*DIRECTIONS:* An exact transcription is needed, starting at the line containing "后天,內蒙古西部和東北部、東" and running through the last line of the records, with every picture left out.

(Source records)
□ □ □ □ □ □ □

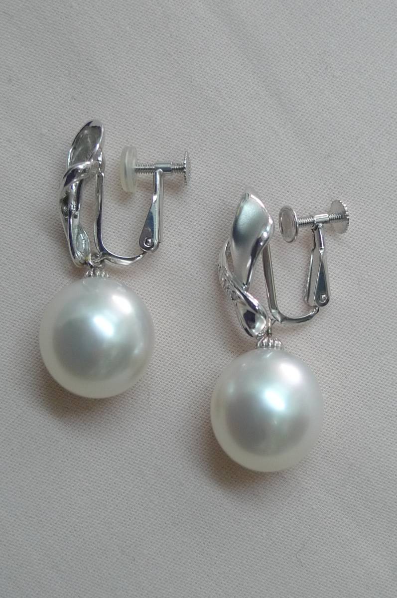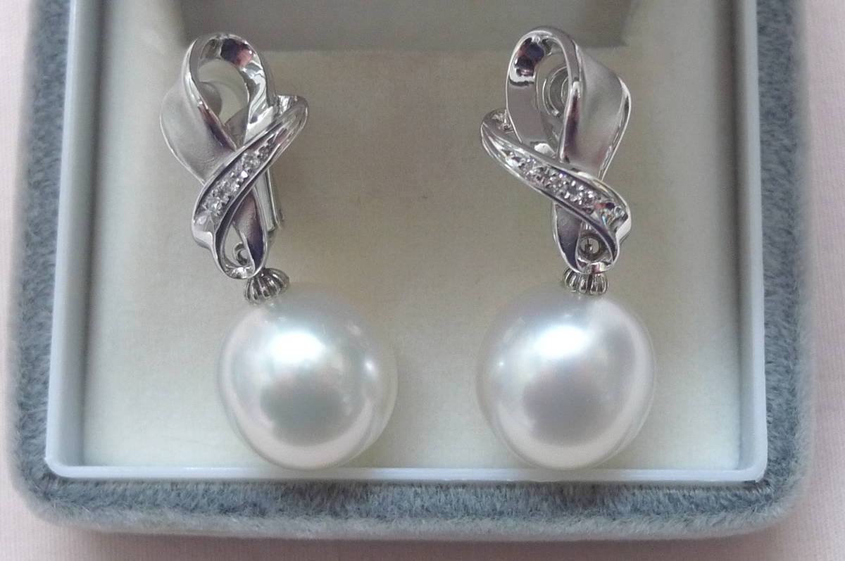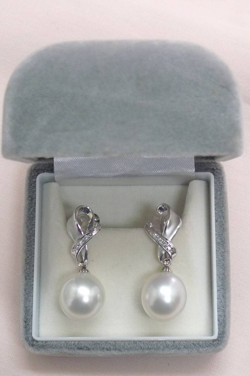 | 【中古品】14㎜玉パールイヤリング 0.03ct ダイヤ Pt900 K14WG | ◇商品説明◇ |
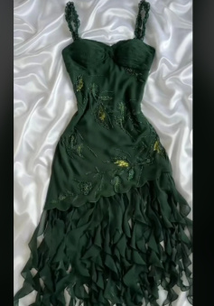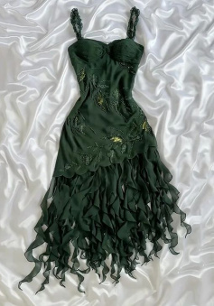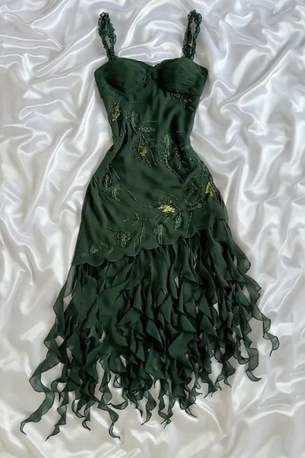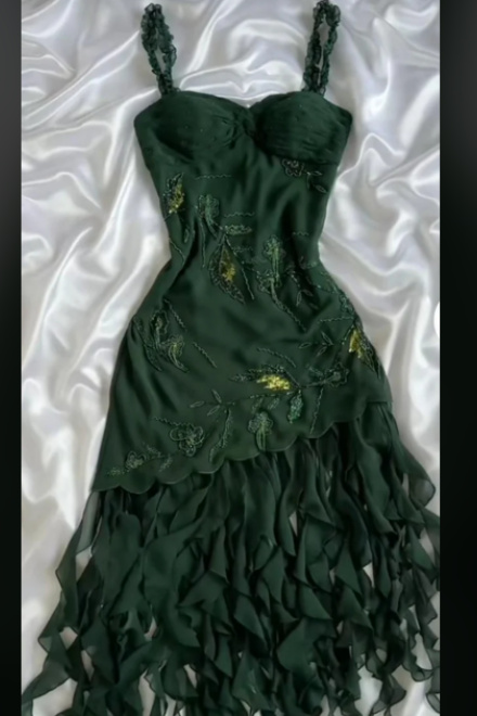 Dark Green Chiffon Ruffle Prom Dress Formal Dress Evening Party Dresses
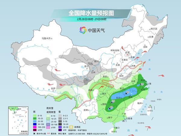 后天,內蒙古西部和東北部、東北地區東部、新疆南疆、西藏東部、西北地區中東部、黃淮東部、安徽北部、江漢西部、川西高原北部等地的部分地區有小到中雪或雨夾雪。西藏東南部、西南地區東部、江漢、江淮、江南大部、華南西部等地的部分地區有小到中雨,其中,安徽中南部、江蘇南部、湖北東部、湖南中西部和北部、江西北部、廣西東北部等地的部分地區有大雨(25~40毫米)。
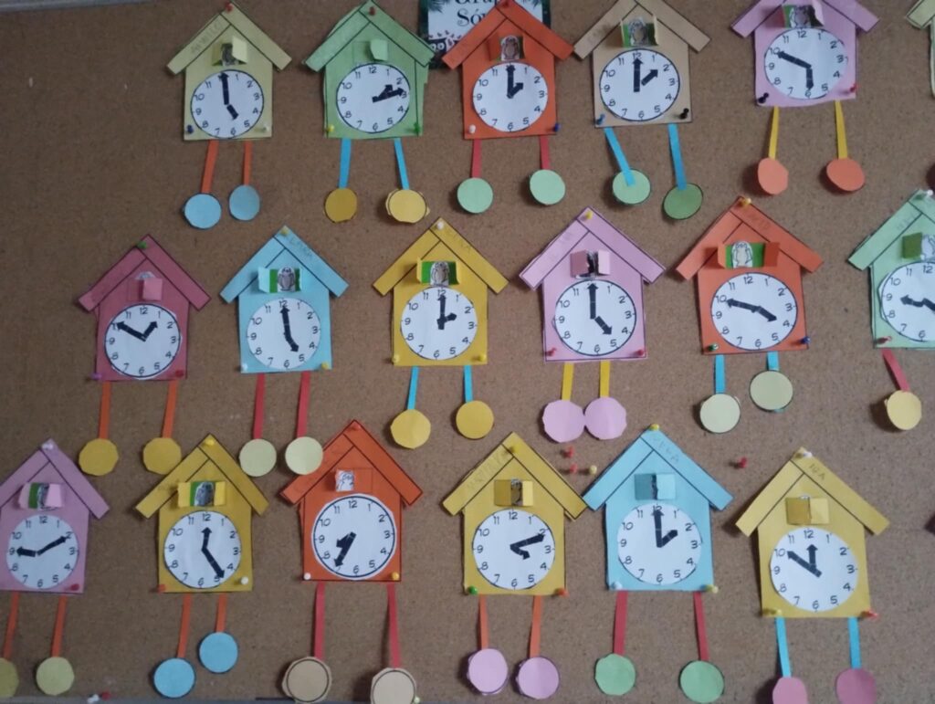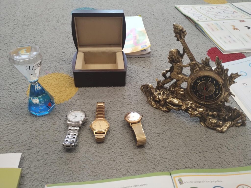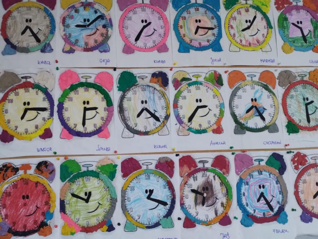 Nowy tydzień w przedszkolu upłynął nam pod hasłem: „Tak mija nam czas”. Poznaliśmy pracę zegarmistrza, oglądaliśmy różne rodzaje kalendarzy i zegarów oraz urządzeń, którymi dawno mierzyło się czas.
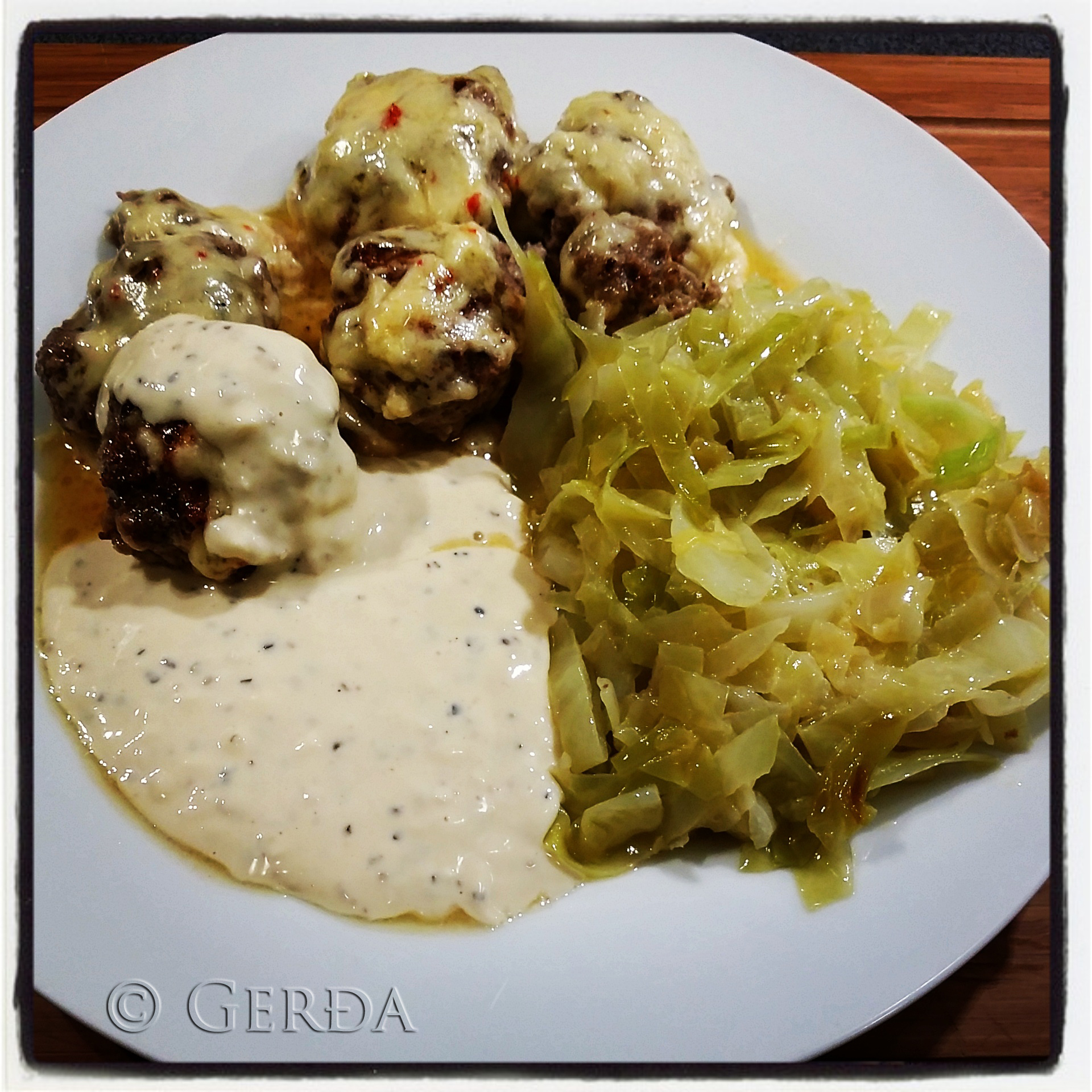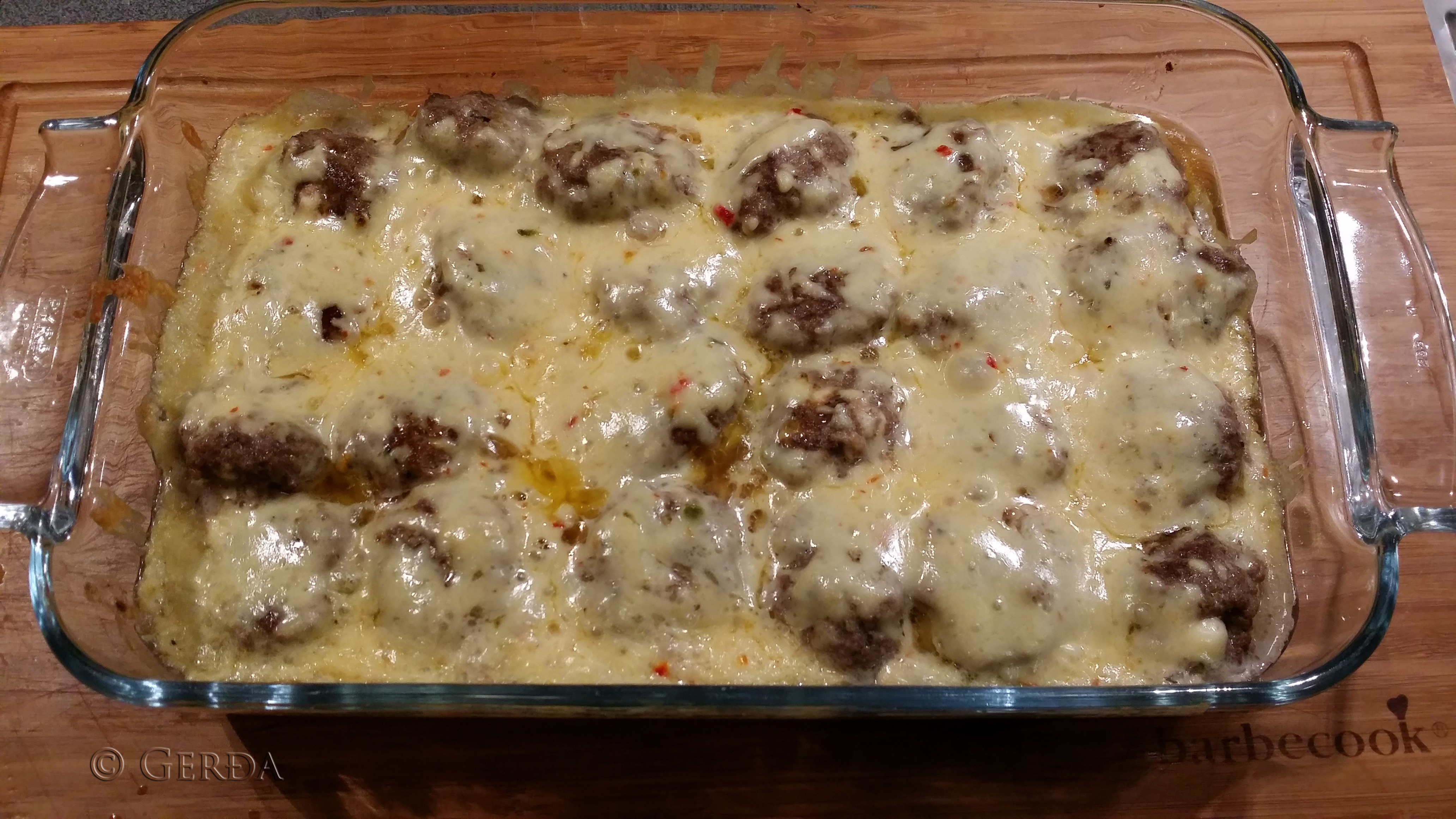 Sett í eldfast mót, ostinn yfir og inní 180°C ofn í 15 mín eða þar til bollurnar eru steiktar í gegn.

□ □ □ □ □ □ □

*TASK OUTPUT:*
 后天,內蒙古西部和東北部、東北地區東部、新疆南疆、西藏東部、西北地區中東部、黃淮東部、安徽北部、江漢西部、川西高原北部等地的部分地區有小到中雪或雨夾雪。西藏東南部、西南地區東部、江漢、江淮、江南大部、華南西部等地的部分地區有小到中雨,其中,安徽中南部、江蘇南部、湖北東部、湖南中西部和北部、江西北部、廣西東北部等地的部分地區有大雨(25~40毫米)。
 Nowy tydzień w przedszkolu upłynął nam pod hasłem: „Tak mija nam czas”. Poznaliśmy pracę zegarmistrza, oglądaliśmy różne rodzaje kalendarzy i zegarów oraz urządzeń, którymi dawno mierzyło się czas.
 Sett í eldfast mót, ostinn yfir og inní 180°C ofn í 15 mín eða þar til bollurnar eru steiktar í gegn.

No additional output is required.